È stata tumulata nella mattinata di ieri, presso il cimitero di Campobasso, nel loculo che la mamma aveva acquistato e riservato per sé, nell’ora della sua morte, per essere vicina al marito, maresciallo dei Carabinieri scomparso alcuni anni fa, la salma del generale dell’Arma Gianluca Di Niro, originario del capoluogo regionale ma, per motivi di lavoro, residente a Roma, presso la scuola ufficiali ove è deceduto nella giornata di sabato.
È stato padre Giancarlo Li Quadri Cassini, parroco della parrocchia di Sant’Antonio di Padova, in qualità di vicario del Convento San Giovanni Battista, a somministrare la benedizione nei locali della sala mortuaria del luogo di culto cittadino (adiacenti il piazzale intitolato ad un altro carabiniere, Elio Di Mella, ucciso in un agguato di camorra), ove il feretro era giunto nella serata precedente proveniente dalla capitale, dove si era svolta la cerimonia funebre, trasportato dalla stessa impresa che aveva riportato nel Molise le spoglie del giovane caporalmaggiore dell’esercito, Alessandro Di Lisio, morto in Afghanistan otto anni fa, nel luglio del 2009.

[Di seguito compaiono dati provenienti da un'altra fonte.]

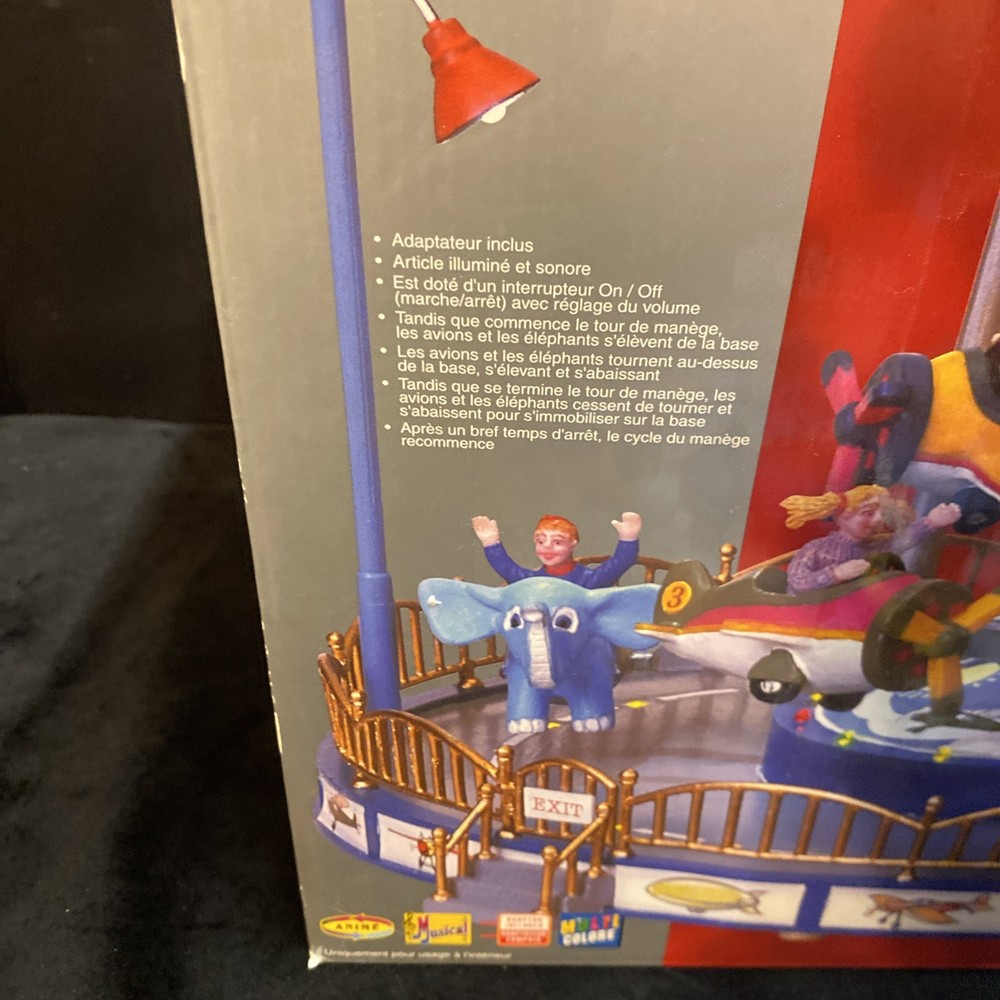 The LEMAX Village Collection Carnival-Junior Flight School is a colorful and detailed collectible from the 2000s. Made with mixed materials, this piece captures the whimsical charm of a junior flight school within a carnival setting. While it does not come with a power cord, it can still be a lovely addition to any holiday or seasonal display, bringing a touch of nostalgia and imagination to the collection. Missing the power cord, but in good cosmetic condition comes with original box and original Styrofoam packaging material Sold as is

Sono stati i lavoratori dell’agenzia locale di pompe funebri “La Monforte” di Domenco Clera ad occuparsi delle incombenze al cimitero, alla presenza dei familiari e di numerosi rappresentanti dell’Arma, locale e non, che hanno voluto rendere l’estremo saluto all’ufficiale scomparso prematuramente.
Aveva, infatti, solo 51 anni il generale Di Niro, che nel corso della sua brillante e folgorante carriera ha toccato numerosi centri, particolarmente dell’Abruzzo, al quale si sentiva felicemente legato, ma anche Reggio Calabria ove ha svolto un lavoro consistente e ricco di ottimi risultati nella lotta alla ‘ndrangheta.

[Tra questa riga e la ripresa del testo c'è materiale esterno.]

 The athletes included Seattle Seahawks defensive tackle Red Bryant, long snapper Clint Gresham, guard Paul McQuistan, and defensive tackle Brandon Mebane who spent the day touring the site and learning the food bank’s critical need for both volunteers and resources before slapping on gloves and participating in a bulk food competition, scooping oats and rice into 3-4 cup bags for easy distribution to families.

Proprio nella regione confinante, una volta unita al Molise, Gianluca Di Niro, colpito da un male tremendo un paio di anni fa, e che l’ha condotto alla morte, ha trascorso gli anni più belli e significativi del suo radioso cammino al servizio dello Stato.
Pescara, che l’ha visto comandante provinciale per alcuni mesi del 2016, prima di lasciare per l’arrivo inatteso della malattia, che ha iniziato a produrre i primi effetti negativi, ma maggiormente la città di Chieti, che lo ha accolto felicemente nei primi anni del suo brioso percorso nell’Arma, sono state le sedi che in maniera profonda hanno segnato, in modo quasi indelebile, il suo tragitto professionale.
Ma il suo amore vero lo professava per la città natìa, appunto Campobasso, che gli aveva dato i natali oltre mezzo secolo fa, nel settembre del 1966. E lo testimoniava in modo viscerale per l’attaccamento ai colori rossoblù della squadra di calcio, ai quali riservava ogni cura, tenendosi costantemente informato sull’atteggiamento domenicale del “lupo”.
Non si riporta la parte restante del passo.